Unlike a model of direct change, where success can come early and is more measurable, Sanjhi Sikhiya has chosen a much tougher, longer-term route. It designed the Punjab Youth Leaders Program (PYLP) — a two-year fellowship that places about 20–30 talented and motivated youth leaders annually in clusters of 10–15 government primary schools. Through this, it impacts about 340+ schools and 28,000+ students annually. These youth leaders work alongside teachers, principals, and local administrators to improve classroom practices, drive community participation, and strengthen district education systems.
Injecting motivated and talented young leadership helps develop local, empathetic leaders who can navigate bureaucracy, inspire teachers, and mobilize communities. Given the heavy non-teaching workload faced by teachers, these leaders provide invaluable support by facilitating regular cluster meetings, coaching teachers in pedagogy, and encouraging peer learning. When it comes to the community, they help build School Management Committees and village partnerships so that parents and citizens can co-own the education system.

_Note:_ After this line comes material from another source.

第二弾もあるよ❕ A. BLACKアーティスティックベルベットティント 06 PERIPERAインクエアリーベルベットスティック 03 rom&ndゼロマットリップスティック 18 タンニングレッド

The approach is one of collaboration and shared learning, and so the organization works with the Punjab Education Collective (PEC) — a coalition it helped establish with other NGOs such as Mantra4Change, Samarthya, and ShikshaLokam, along with the state government. Today, PEC touches 2.3 million students across nearly 19,000 schools. Their collective impact has ensured that Punjab’s education system — once struggling — now ranks #1 in India’s national School Education Performance Grading Index (PGI) 2020–21, a remarkable leap from #13 just two years earlier.

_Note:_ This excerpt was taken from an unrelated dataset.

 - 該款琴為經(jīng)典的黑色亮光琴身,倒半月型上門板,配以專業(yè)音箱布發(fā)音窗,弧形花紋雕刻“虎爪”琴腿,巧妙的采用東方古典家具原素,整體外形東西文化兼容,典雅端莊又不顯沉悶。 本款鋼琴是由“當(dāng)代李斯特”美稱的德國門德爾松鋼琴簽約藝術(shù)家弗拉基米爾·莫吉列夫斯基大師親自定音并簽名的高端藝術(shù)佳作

The stories from the ground are heartening — like that of Prabhjot Sharma from Muktsar Sahib district, who never imagined stepping out of her home district. Today, others look up to her as a youth leader — capable of shaping young minds and driving change in a district hundreds of kilometres away. There are young women and men like her, from across Punjab and as far as Bihar, who are helping drive transformation at the community level. Thanks to leaders like them, one now hears of schools that once struggled with attendance now boasting 95% turnout after parents joined hands to launch sikhiya sabhas.
With its scale, experience, and depth, the organization is beginning to understand what it means to help transform Punjab’s public education through participation, partnership, and perseverance. It rejects the idea that reform must be top-down. Instead, it bets on people — young leaders, teachers, and parents — as the carriers of deep, lasting change. This journey is still young, but it is inspiring a new kind of optimism: that when empathy meets evidence, and when citizens work with the state rather than around it, even the most complex systems can transform. From a handful of dreamers in 2018 to a growing collective and alumni base that is shaping a system, Sanjhi Sikhiya is proving that education reform is not just about better schools — it’s about building stronger communities and ensuring better social spending.